Performance was evaluated using five-fold stratified cross-validation, reporting accuracy, sensitivity, specificity, AUC, and 95% confidence intervals. Model interpretability was assessed using Shapley Additive exPlanations (SHAP), which quantifies the contribution of each predictor to the model output. This interpretive framework enhanced transparency and facilitated clinical understanding of the AI decision-making process. All statistical analyses were performed in Python; p < 0.05 was considered statistically significant.
Results
Participants Selection
A total of 320 patients aged ≥60 years were initially assessed for eligibility. Thirty patients were excluded due to missing chest CT scans (n=15), incomplete clinical or laboratory data (n=10), or other reasons (n=5). Finally, 290 participants were included in the analysis. According to the 2019 AWGS reference standard, 42 participants (11.5%) were diagnosed with sarcopenia and 248 (88.5%) were classified as non-sarcopenia. All participants were included in the AI model evaluation. The flow of participants through the study is shown in Figure 1.
 |
Figure 1 STARD flow diagram of participant selection and analysis in the study. |
Baseline Characteristics
The mean age of participants was 67.6 ± 5.8 years, and 38.9% were female. Compared with those without sarcopenia, patients with sarcopenia had significantly lower BMI (20.0 vs. 23.6 kg/m2, p<0.001), smaller calf circumference (30.0 vs. 33.4 cm, p<0.001), and lower serum albumin (37.5 vs. 39.6 g/L, p=0.007).
Model Performance
The model yielded an overall accuracy of 0.85 (95% CI 0.82–0.89), AUC of 0.88 (95% CI 0.83–0.92), sensitivity of 0.79 (95% CI 0.70–0.87), and specificity of 0.88 (95% CI 0.83–0.92). Across five cross-validation folds, the model demonstrated stable and robust discrimination (AUC range = 0.81–0.93; accuracy = 0.74–0.93), as summarized in Table 1, confirming the internal validity and generalizability of the proposed model. Figure 2 illustrates the receiver operating characteristic (ROC) curves across the five folds, showing consistent model performance and supporting the robustness of the multimodal AI model.
 |
Table 1 Overall and Cross-Validation Performance of the Multimodal MLP Model (Stratified 5-Fold) |
 |
Figure 2 Receiver operating characteristic (ROC) curves across the five cross-validation folds. |
Further SHAP beeswarm analysis revealed distinct directional effects of the key predictors (see details in Figure 3A).

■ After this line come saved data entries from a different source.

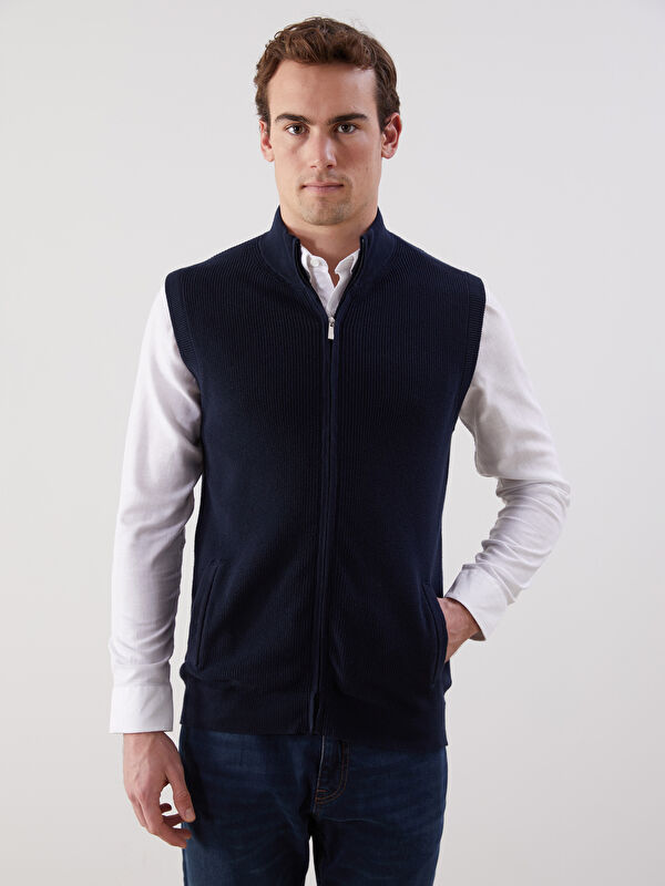 Жилет из трикотажа с воротником-труба стандартного кроя для мужчин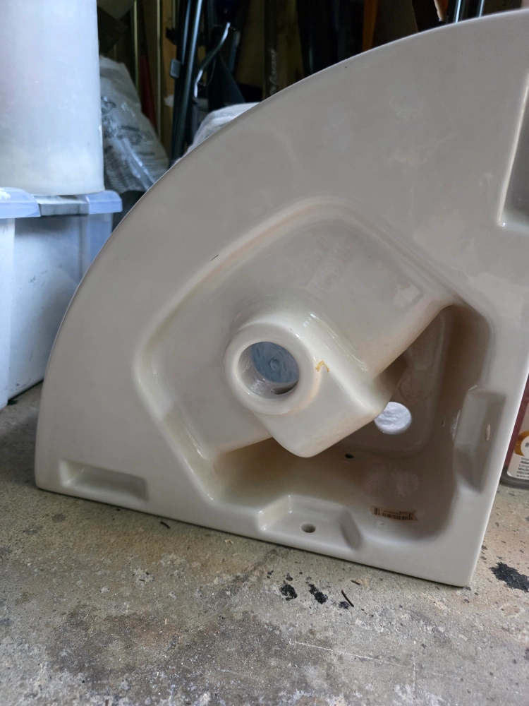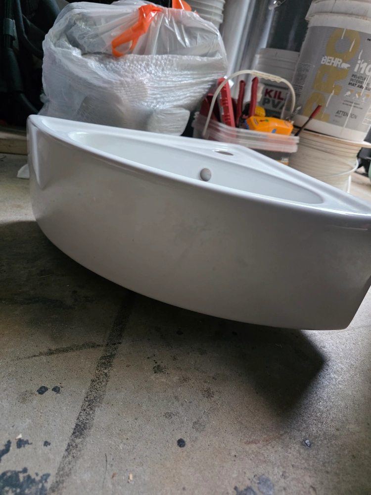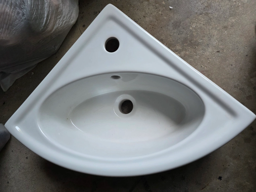 Selling a corner bathroom sink. It's white and in good condition, ready for your bathroom renovation project! It has a unique triangular design.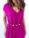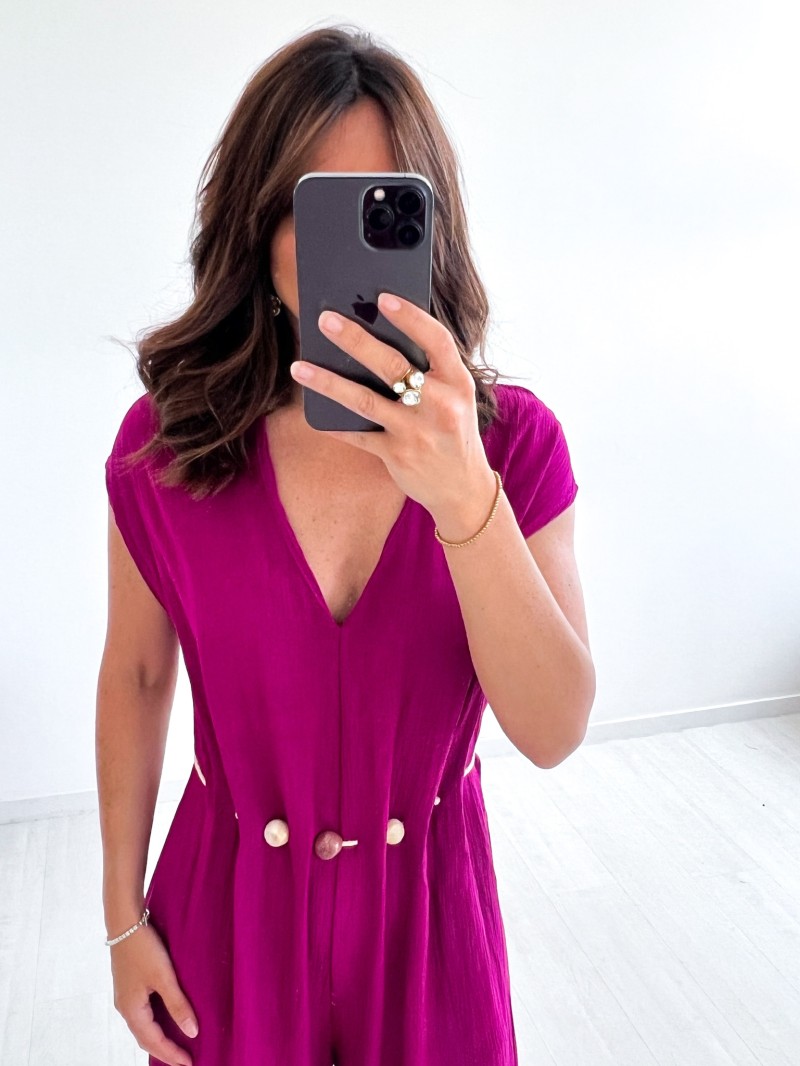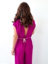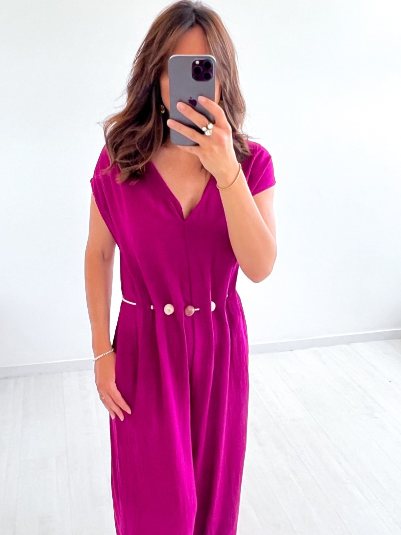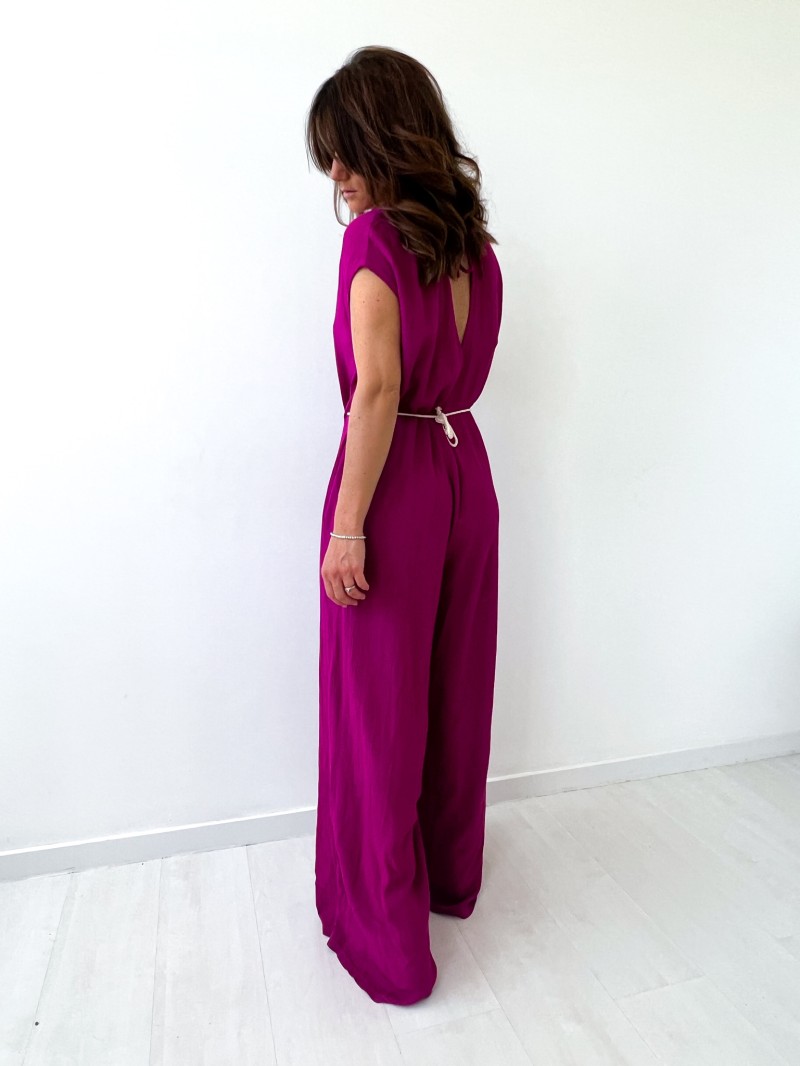 Een lichte, vloeiende jumpsuit met een losse pasvorm, in de taille strakker gemaakt met een verstelbare strik. De V-halslijn aan de voor- en achterkant wordt benadrukt door een koordje en de taille is versierd met mooie natuurstenen.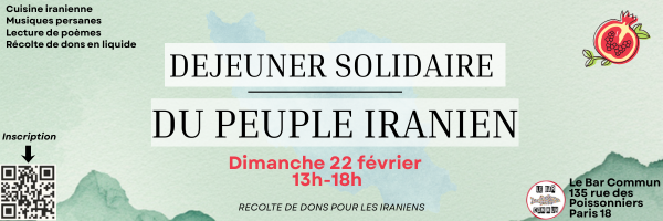 Nous vous donnons rendez-vous le dimanche 22 février à partir de 13h, au Bar Commun, autour d’un buffet aux saveurs persanes. Nous partagerons un moment chaleureux à l’image de notre culture, entre musique iranienne, chants et lectures de poèmes.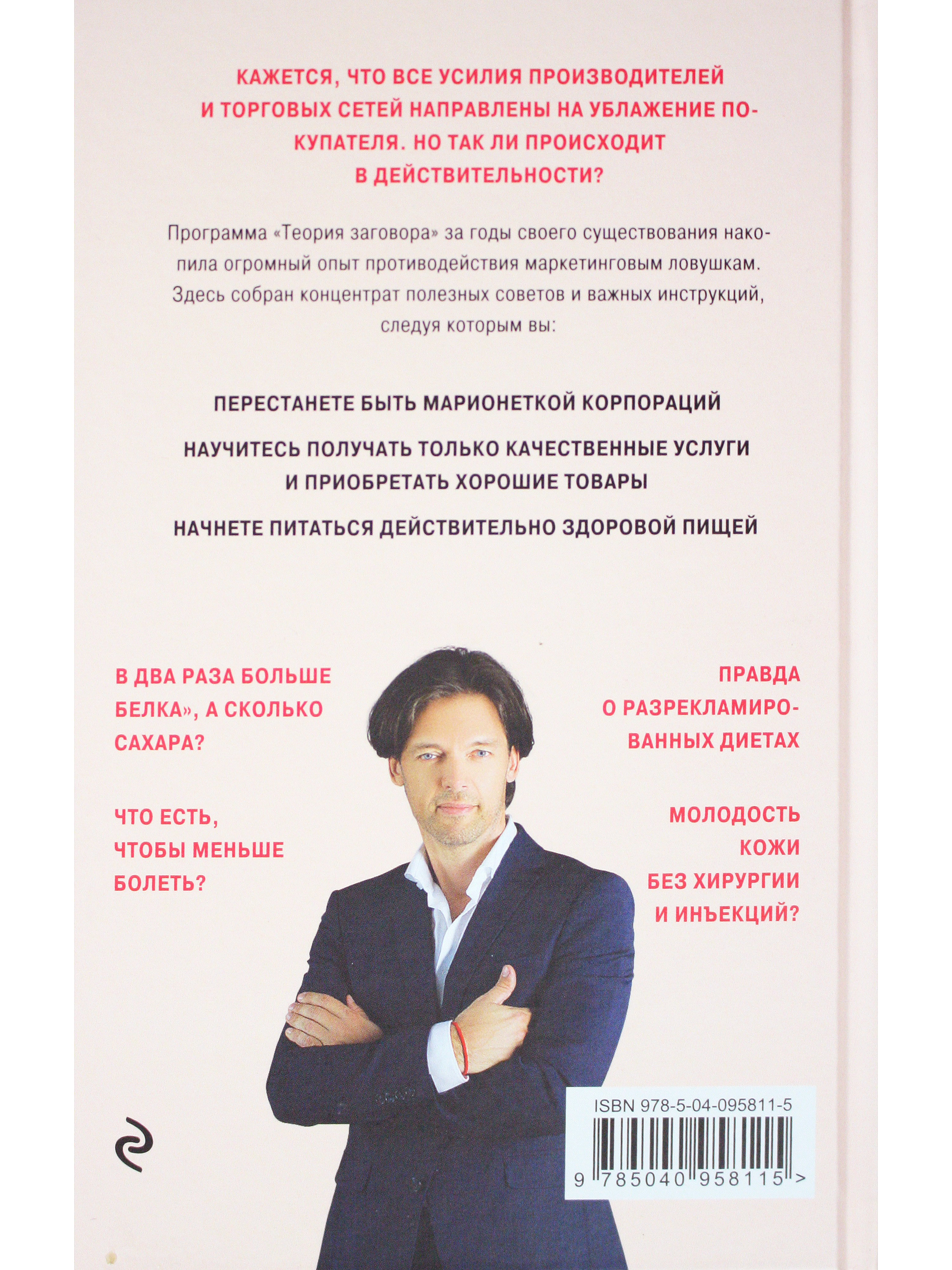 Программа "Теория заговора" на Первом канале за годы своего существования накопила огромный опыт противодействия маркетинговым ловушкам. Здесь собран концентрат полезных советов и важных инструкций, следуя которым, вы: перестанете быть марионеткой корпораций, научитесь получать только качественные услуги и приобретать хорошие товары, начнете питаться действительно здоровой пищей!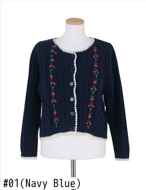 [EWQ] 花刺繍甘いカーディガンコート長袖シングルブレスト弾性セータージャケット秋冬 16U4367 ロング エラスティック 伸縮 大人ガーリー スウィート キュート カジュアル オータム 秋物 ウィンター 冬物 フラワーデザイン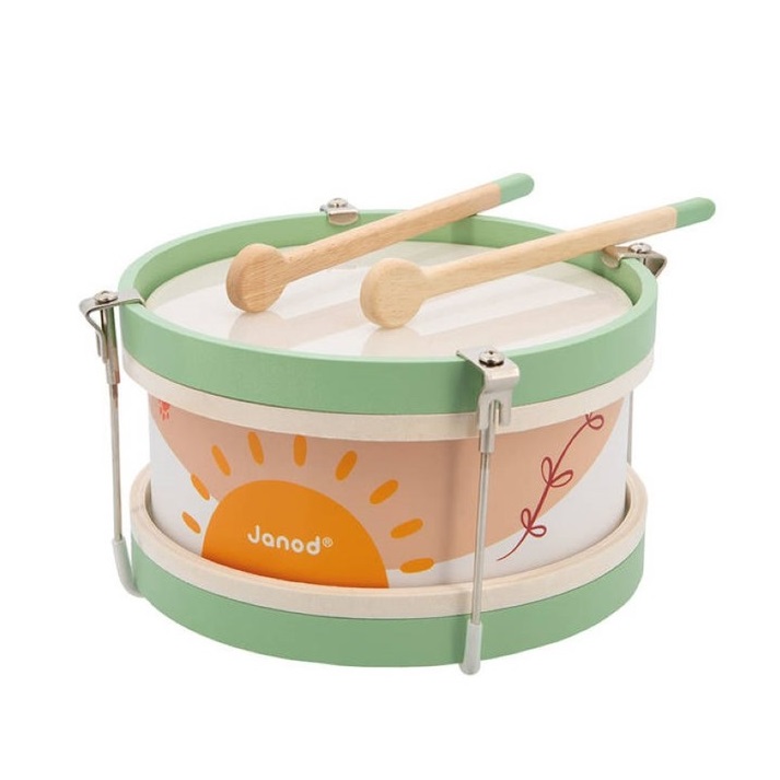 Drewniany bębenek z serii Sunshine francuskiej marki JANOD to idealna pierwsza zabawka muzyczna dla dziecka, która pomaga rozwijać słuch, poczucie rytmu oraz zdolności muzyczne. Wspiera także rozwój wyobraźni, koncentracji, wytrwałości i koordynacji ruchowej. Bębenek ma drewnianą konstrukcję, wzmocnioną metalowymi uchwytami, poręczny rozmiar, dwa patyczki do wystukiwania rytmu i piękną słoneczną kolorystykę – na brzegach namalowane jest małe lwiątko Leo oraz pomarańczowe odciski łap.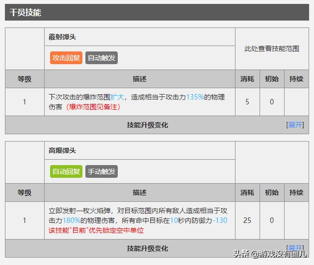 部署26费用,攻速慢。特性:普通攻击与技能释放时,30%几率当次攻击的攻击力+60%。【霰射弹头】:下次攻击的爆炸范围扩大,造成相当于攻击力135%-215%的物理伤害。【高爆弹头】:立即发射一枚火焰弹,对目标范围内所有敌人造成相当于攻击力180%-300%的物理伤害,所有命中目标在10秒内防御力减少130-330。

Male sex predominantly contributed positive SHAP values, indicating higher risk, while female sex showed a protective effect. For total triiodothyronine (T3), lower values clustered in the positive SHAP range, suggesting increased risk, whereas higher values were associated with protection. High creatine kinase (CK) values clustered in the negative SHAP range, indicating a protective effect, while lower CK values were associated with increased risk. Body mass index (BMI) showed that low values increased risk, while higher values exerted a protective effect. In contrast, creatinine demonstrated an opposite pattern, where higher values were associated with increased risk and lower values appeared protective.
 |
Figure 3 SHAP-based interpretability of the multimodal AI model. (A) SHAP summary plot showing the distribution and magnitude of feature impacts on sarcopenia prediction. Each dot represents an individual observation. The horizontal axis indicates the SHAP value (impact on model output), where positive values increase the predicted probability of sarcopenia and negative values decrease it. Red indicates higher feature values, and blue indicates lower feature values. (B) Case-level SHAP force plot for an individual patient illustrating variable contributions to the final prediction. Red bars represent features that increase the predicted probability of sarcopenia (positive SHAP values), while blue bars represent features that decrease it (negative SHAP values). E[f(X)] denotes the model’s baseline output, and f(x) represents the final predicted output for the individual case. |
To complement these qualitative trends, quantitative SHAP analysis was performed across the entire test set. The top five features ranked by mean absolute SHAP value were gender (0.05), TT3 (0.03), CK (0.03), BMI (0.03) and Creatine (0.03). These values indicate the relative magnitude of each predictor’s contribution to model output, improving transparency in feature importance interpretation. To further illustrate case-level interpretability, Figure 3B presents an individual prediction example.
Discussion
This study demonstrates the feasibility of AI-enabled multimodal integration of chest CT and routine clinical data for opportunistic sarcopenia assessment in older adults. Beyond high diagnostic accuracy, the incorporation of SHAP-based interpretability allows clinicians to understand how each variable contributes to risk estimation, thereby enhancing transparency and trust in clinical decision-making.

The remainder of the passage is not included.